Let's see how writing to the local disk works in spark:

- Write the code necessary to store the source data in both csv and json format, store these as sources_csv and sources_json
- Inspect your folder structure. What do you notice?

In [3]:
# Write the source dataframe into json and csv formats

source.write.json('source_json', mode = 'overwrite')
source.write.csv('source_csv', mode = 'overwrite')

The files are stored in partitions inside a directory by the name given to the write methods. There is also a _SUCCESS file.

### 3

Inspect the data in your dataframes. Are the data types appropriate? Write the code necessary to cast the values to the appropriate types.

In [4]:
# Let's see the case dataframe

case.printSchema()

root
 |-- case_id: integer (nullable = true)
 |-- case_opened_date: string (nullable = true)
 |-- case_closed_date: string (nullable = true)
 |-- SLA_due_date: string (nullable = true)
 |-- case_late: string (nullable = true)
 |-- num_days_late: double (nullable = true)
 |-- case_closed: string (nullable = true)
 |-- dept_division: string (nullable = true)
 |-- service_request_type: string (nullable = true)
 |-- SLA_days: double (nullable = true)
 |-- case_status: string (nullable = true)
 |-- source_id: string (nullable = true)
 |-- request_address: string (nullable = true)
 |-- council_district: integer (nullable = true)



In [5]:
case.show(1, vertical = True, truncate = False)
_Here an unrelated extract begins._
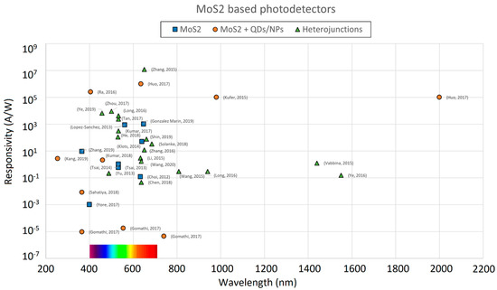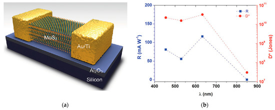 | Photoactive Material | Technology | MoS2 Layers | Wavelength (nm) | Responsivity (A/W) | Response Time (s) | Detectivity (Jones) | Dark Current (A) | Ref. | |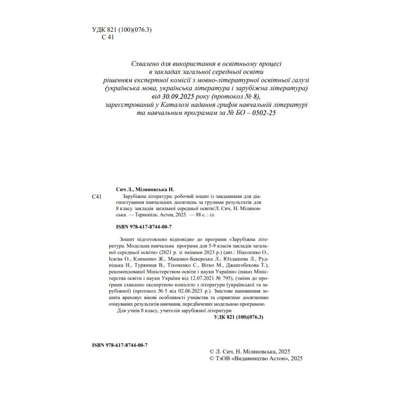 НУШ Рабочая тетрадь Астон Зарубежная литература 8 класс с заданиями для диагностики учебных достижений Сыч, Миляновская 2025 год издательства Астон можно купить в интернет-магазине Книгован со скидкой или с бесплатной доставкой по Украине.

-RECORD 0----------------------------------------------------
 case_id              | 1014127332                           
 case_opened_date     | 1/1/18 0:42                          
 case_closed_date     | 1/1/18 12:29                         
 SLA_due_date         | 9/26/20 0:42                         
 case_late            | NO                                   
 num_days_late        | -998.5087616000001                   
 case_closed          | YES                                  
 dept_division        | Field Operations                     
 service_request_type | Stray Animal                         
 SLA_days             | 999.0                                
 case_status          | Closed                               
 source_id            | svcCRMLS                             
 request_address      | 2315  EL PASO ST, San Antonio, 78207 
 council_district     | 5                                    
only showing top 1 row



The case_opened_date, case_closed_date, and SLA_due_date columns should be datetime types. The case_late and case_closed columns can be cast to boolean types.

In [6]:
fmt = "M/d/yy H:mm"
case = (
    case.withColumn("case_opened_date", F.to_timestamp("case_opened_date", fmt))
    .withColumn("case_closed_date", F.to_timestamp("case_closed_date", fmt))
    .withColumn("SLA_due_date", F.to_timestamp("SLA_due_date", fmt))
)

case = (
    case.withColumn("case_closed", F.expr('case_closed == "YES"'))
    .withColumn("case_late", F.expr('case_late == "YES"'))
)

In [7]:
# Let's see the department dataframe

department.printSchema()

root
 |-- dept_division: string (nullable = true)
 |-- dept_name: string (nullable = true)
 |-- standardized_dept_name: string (nullable = true)
 |-- dept_subject_to_SLA: string (nullable = true)



In [8]:
department.show(1, vertical = True, truncate = False)

-RECORD 0----------------------------------
 dept_division          | 311 Call Center  
 dept_name              | Customer Service 
 standardized_dept_name | Customer Service 
 dept_subject_to_SLA    | YES              
only showing top 1 row



In [9]:
department.select('dept_subject_to_SLA').distinct().show()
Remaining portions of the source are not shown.